→ Task brief
Exercise in exact copying: restate word for word only the lines below from the one containing "按【确定】,成绩就可按设想的进行排序了,如下表。" through the one containing "6 INCH FORK, SPOON", omitting any pictures.

→ Provided data
*** Block opens ***

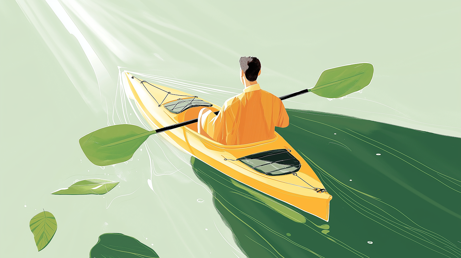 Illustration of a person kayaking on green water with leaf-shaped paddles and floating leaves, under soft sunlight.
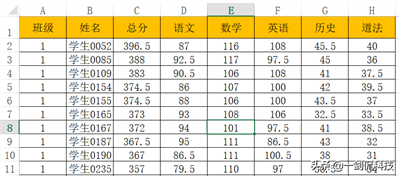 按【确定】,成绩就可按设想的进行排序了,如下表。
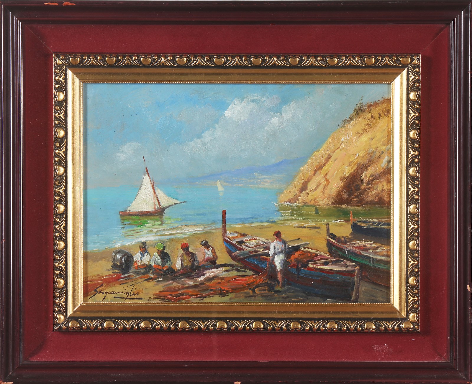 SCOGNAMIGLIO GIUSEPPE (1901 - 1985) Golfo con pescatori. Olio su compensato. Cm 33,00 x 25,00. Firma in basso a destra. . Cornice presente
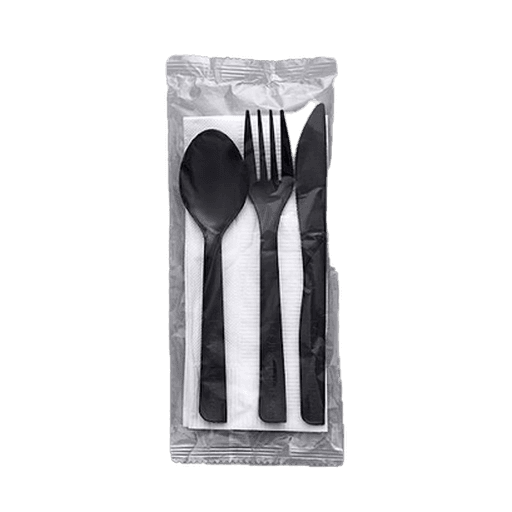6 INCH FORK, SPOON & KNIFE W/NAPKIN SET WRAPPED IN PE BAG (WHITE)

*** Block closes ***
*** Block opens ***

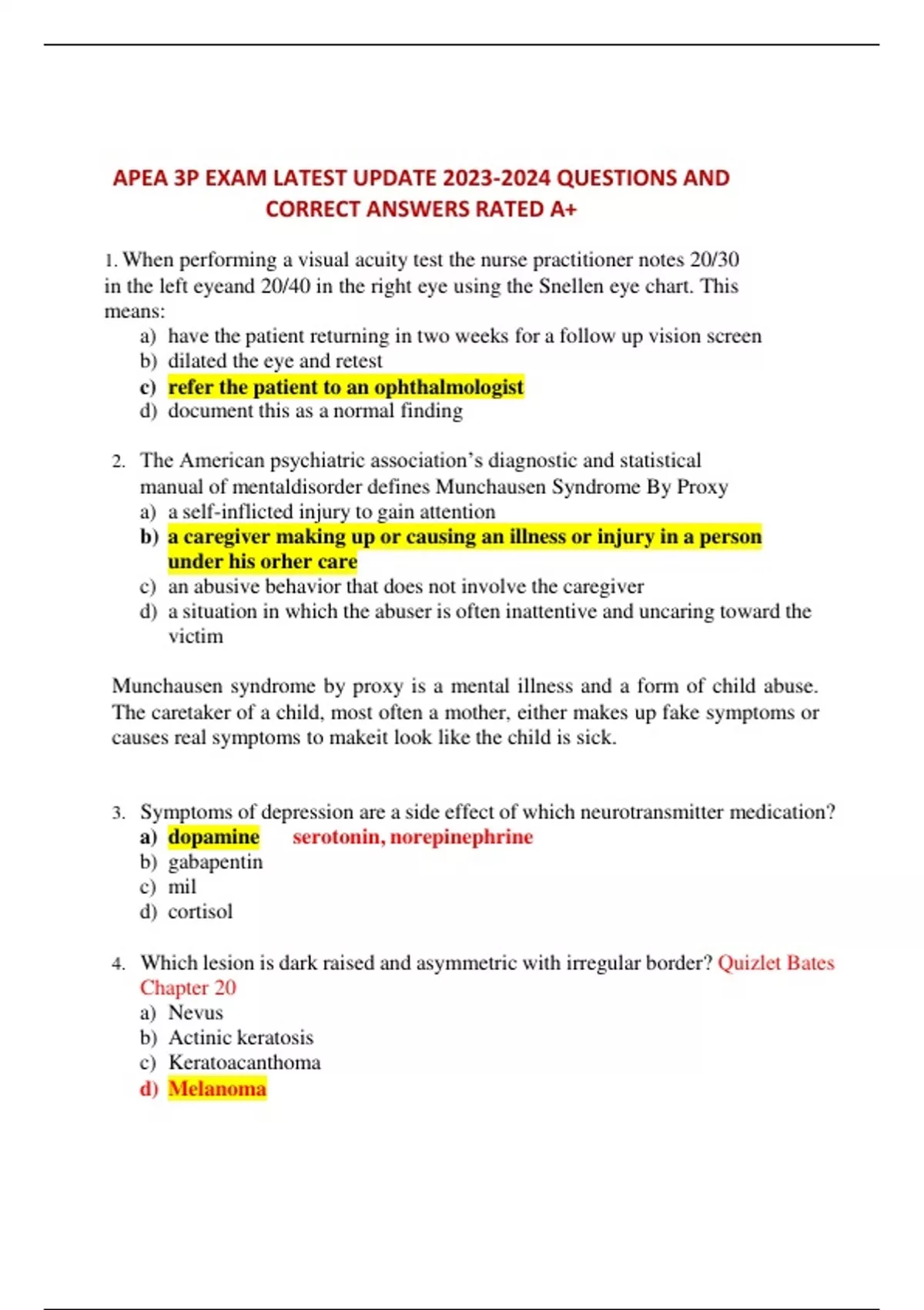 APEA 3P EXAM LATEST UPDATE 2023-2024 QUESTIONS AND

*** Block closes ***

→ Solution
 按【确定】,成绩就可按设想的进行排序了,如下表。
 SCOGNAMIGLIO GIUSEPPE (1901 - 1985) Golfo con pescatori. Olio su compensato. Cm 33,00 x 25,00. Firma in basso a destra. . Cornice presente
6 INCH FORK, SPOON & KNIFE W/NAPKIN SET WRAPPED IN PE BAG (WHITE)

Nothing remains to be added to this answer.